**BRIEF:** When you reach the line containing "ဖျော်ဖြေရေးအစီအစဉ်များပြုလုပ်မည့် ဖုန်ကန်ရာဇီခန်းမကို တွေ့ရစဉ်။" in the records below, start copying exactly, and stop once you have copied the line containing "ကလေးစာပေပွဲတော်မှာ ကလေးတွေရဲ့ ကာယ၊".

───── RECORDS TO PROCESS ─────

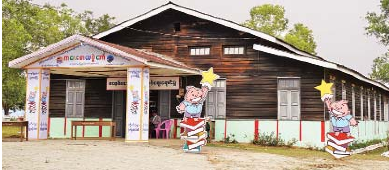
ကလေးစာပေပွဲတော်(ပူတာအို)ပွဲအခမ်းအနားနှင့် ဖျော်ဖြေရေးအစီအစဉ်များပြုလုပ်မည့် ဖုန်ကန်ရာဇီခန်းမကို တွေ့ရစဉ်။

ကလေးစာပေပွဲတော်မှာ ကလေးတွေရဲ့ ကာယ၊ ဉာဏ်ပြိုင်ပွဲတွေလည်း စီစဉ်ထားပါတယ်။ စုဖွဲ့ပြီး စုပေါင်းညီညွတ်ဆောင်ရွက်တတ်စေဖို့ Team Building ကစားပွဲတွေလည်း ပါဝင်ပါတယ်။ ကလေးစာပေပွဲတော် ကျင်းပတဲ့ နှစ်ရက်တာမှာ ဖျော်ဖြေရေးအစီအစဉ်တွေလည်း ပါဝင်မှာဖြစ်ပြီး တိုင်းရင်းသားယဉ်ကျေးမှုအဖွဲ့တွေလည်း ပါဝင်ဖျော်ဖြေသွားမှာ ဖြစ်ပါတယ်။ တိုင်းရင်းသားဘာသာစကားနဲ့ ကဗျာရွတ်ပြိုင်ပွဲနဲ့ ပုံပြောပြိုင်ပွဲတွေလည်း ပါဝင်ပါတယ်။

─────
───── RECORDS TO PROCESS ─────

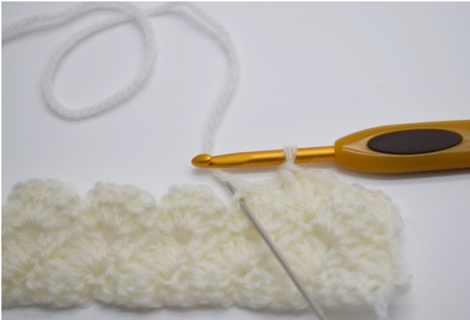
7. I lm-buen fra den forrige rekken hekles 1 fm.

─────

**ANSWER:**
ကလေးစာပေပွဲတော်(ပူတာအို)ပွဲအခမ်းအနားနှင့် ဖျော်ဖြေရေးအစီအစဉ်များပြုလုပ်မည့် ဖုန်ကန်ရာဇီခန်းမကို တွေ့ရစဉ်။

ကလေးစာပေပွဲတော်မှာ ကလေးတွေရဲ့ ကာယ၊ ဉာဏ်ပြိုင်ပွဲတွေလည်း စီစဉ်ထားပါတယ်။ စုဖွဲ့ပြီး စုပေါင်းညီညွတ်ဆောင်ရွက်တတ်စေဖို့ Team Building ကစားပွဲတွေလည်း ပါဝင်ပါတယ်။ ကလေးစာပေပွဲတော် ကျင်းပတဲ့ နှစ်ရက်တာမှာ ဖျော်ဖြေရေးအစီအစဉ်တွေလည်း ပါဝင်မှာဖြစ်ပြီး တိုင်းရင်းသားယဉ်ကျေးမှုအဖွဲ့တွေလည်း ပါဝင်ဖျော်ဖြေသွားမှာ ဖြစ်ပါတယ်။ တိုင်းရင်းသားဘာသာစကားနဲ့ ကဗျာရွတ်ပြိုင်ပွဲနဲ့ ပုံပြောပြိုင်ပွဲတွေလည်း ပါဝင်ပါတယ်။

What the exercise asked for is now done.